IBM has rolled out its next-generation POWER central processing unit family—the POWER10. Targeted for cloud computing and other apps, the POWER10 processor is based on a 7nm finFET process using bulk CMOS technology. It has an improvement of up to 3x greater processor energy efficiency, workload capacity, and density than the IBM’s previous-generation POWER9 processor. The POWER10 is IBM’s first commercialized processor built using 7nm process technology. IBM Research has been partnering with Samsung on R&D for more than a decade, including demonstration of the semiconductor industry’s first 7nm test chips through IBM’s Research Alliance.

SkyWater Technology continues to make progress on its efforts to commercial carbon nanotube FET technology. In the first phase, the company focused on transferring its carbon nanotube FET-based 3DSoC technology into its 200mm production facility. Now, the company will focus on refining the manufacturing quality, yield, performance, and density of the technology. The company’s Three Dimensional Monolithic System-on-a-Chip (3DSoC) program is a collaboration with DARPA and the Massachusetts Institute of Technology (MIT).

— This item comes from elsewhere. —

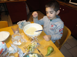 ... abbiamo preso la frutta e con semplici ingredienti abbiamo realizzato una torta con mele e pere ... naturalmente il mio piccolo chef mi ha dato una grande mano nel realizzare la torta ...
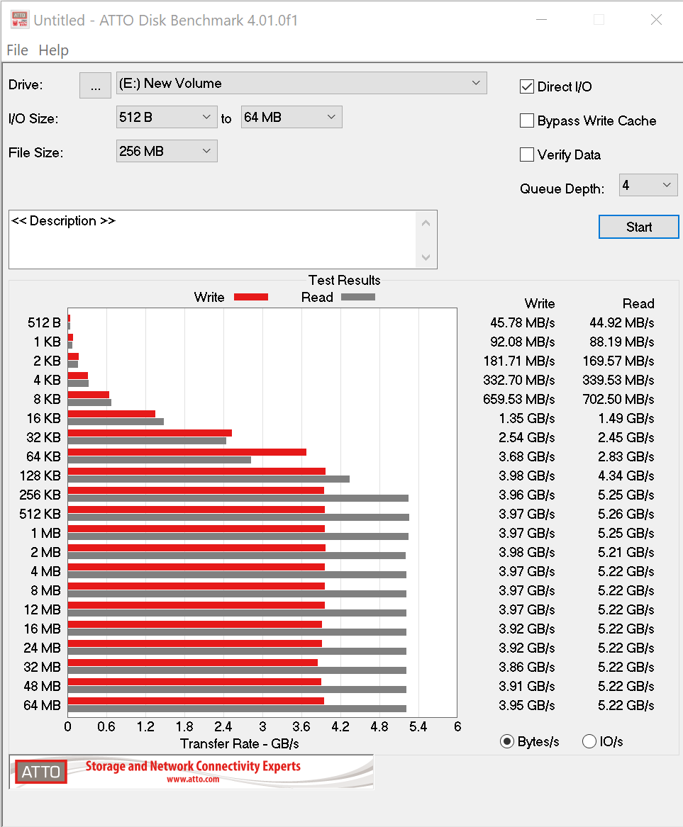 Listed specs are 5GB/s read and 4.4GB/s write and our initial results of 5.2GB/s read and 3.98GB/s write are pretty close to the money…one being a bit higher and one a bit lower.

Fab manufacturing and materials
SEMI has announced the formation of a new standards committee that aims to develop global standards for flexible hybrid electronics (FHE), spanning design, materials, manufacturing, packaging and systems. The technical committee is the world’s first to focus on flexible hybrid electronics standards. The SEMI Standards Flexible Hybrid Electronics Global Technical Committee has also established its first chapter in Taiwan.

Rare Element Resources has provided an update on its pilot scale rare earth processing and separation plant. The company hopes to demonstrate the ability to separate rare earth elements in the U.S.

Market research
Here’s the latest from IC Insights: “Collectively, suppliers are expected to allocate $15.1 billion to DRAM capex spending this year, a 20% decline from $19.1 billion in 2019 and down from the record high of $23.2 billion spent for DRAM in 2018.”

North America-based manufacturers of semiconductor equipment posted $2.60 billion in billings worldwide in July 2020, according to SEMI. The billings figure is 11.8% higher than the final June 2020 level of $2.32 billion, and is 27.6% higher than the July 2019 billings level of $2.03 billion. “The second half of 2020 has started strong with double-digit billings growth for North America-based semiconductor equipment manufacturers,” said Ajit Manocha, SEMI president and CEO. “The strength reflects the semiconductor industry’s criticality in today’s world and the driving forces in place for long-term industry growth.”

Silicon wafer area for semiconductor device manufacturing is forecasted to grow 1.5% in 2020 despite a global pandemic and trade wars, according to TECHCET. Total silicon wafer revenues, including 200mm and silicon-on-insulator (SOI) wafers, are expected to be flat this year at $12 billion followed by an annual growth of ~5% through 2024, according to the firm. “Much of the anticipated growth in silicon demand over the next few years will be in SOI for applications including RF communications, advanced logic devices, and high-reliability automotive,” commented Dan Tracy, an analyst at TECHCET. “TECHCET sees a generally healthy supply and demand balance as the industry enters 2021, though supply for 300mm advanced and epitaxial wafers will tighten.”